When looking at the institutional investors followed by Insider Monkey, Renaissance Technologies, holds the biggest position in W&T Offshore, Inc. (NYSE:WTI). Renaissance Technologies has a $12.3 million position in the stock, comprising less than 0.1%% of its 13F portfolio. Coming in second is GLG Partners, led by Noam Gottesman, holding a $2.1 million position; the fund has less than 0.1%% of its 13F portfolio invested in the stock. Remaining peers that hold long positions contain Ken Griffin’s Citadel Investment Group, John Overdeck and David Siegel’s Two Sigma Advisors and Israel Englander’s Millennium Management. In terms of the portfolio weights assigned to each position GLG Partners allocated the biggest weight to W&T Offshore, Inc. (NYSE:WTI), around 0.01% of its 13F portfolio. Renaissance Technologies is also relatively very bullish on the stock, setting aside 0.01 percent of its 13F equity portfolio to WTI.
Seeing as W&T Offshore, Inc. (NYSE:WTI) has experienced bearish sentiment from hedge fund managers, we can see that there were a few funds who sold off their entire stakes in the first quarter. Intriguingly, David Harding’s Winton Capital Management sold off the biggest investment of all the hedgies followed by Insider Monkey, worth close to $2 million in stock. Ken Fisher’s fund, Fisher Asset Management, also dropped its stock, about $1.1 million worth. These moves are important to note, as aggregate hedge fund interest fell by 6 funds in the first quarter.
Let’s now take a look at hedge fund activity in other stocks – not necessarily in the same industry as W&T Offshore, Inc. (NYSE:WTI) but similarly valued. These stocks are Carter Bank & Trust (NASDAQ:CARE), Dynex Capital Inc (NYSE:DX), The First Bancorp, Inc. (NASDAQ:FNLC), and Park-Ohio Holdings Corp. (NASDAQ:PKOH). This group of stocks’ market caps are similar to WTI’s market cap.
|Ticker||No of HFs with positions||Total Value of HF Positions (x1000)||Change in HF Position|
View table here if you experience formatting issues.

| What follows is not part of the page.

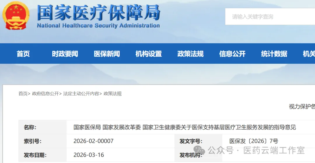 3月16日,国家医保局、国家发改委、国家卫健委联合发出《关于医保支持基层医疗卫生服务发展的指导意见》(医保发〔2026〕7号),三部门联合发文,横向打通了诸多政策壁垒,为基层医疗机构的发展赋予了强大的政策动能。

As you can see these stocks had an average of 5.5 hedge funds with bullish positions and the average amount invested in these stocks was $11 million. That figure was $18 million in WTI’s case. Dynex Capital Inc (NYSE:DX) is the most popular stock in this table. On the other hand The First Bancorp, Inc. (NASDAQ:FNLC) is the least popular one with only 1 bullish hedge fund positions. Compared to these stocks W&T Offshore, Inc. (NYSE:WTI) is more popular among hedge funds. Our calculations showed that top 10 most popular stocks among hedge funds returned 41.4% in 2019 and outperformed the S&P 500 ETF (SPY) by 10.1 percentage points. These stocks returned 12.3% in 2020 through June 30th but still managed to beat the market by 15.5 percentage points. Hedge funds were also right about betting on WTI as the stock returned 34.1% in Q2 and outperformed the market by an even larger margin. Hedge funds were clearly right about piling into this stock relative to other stocks with similar market capitalizations.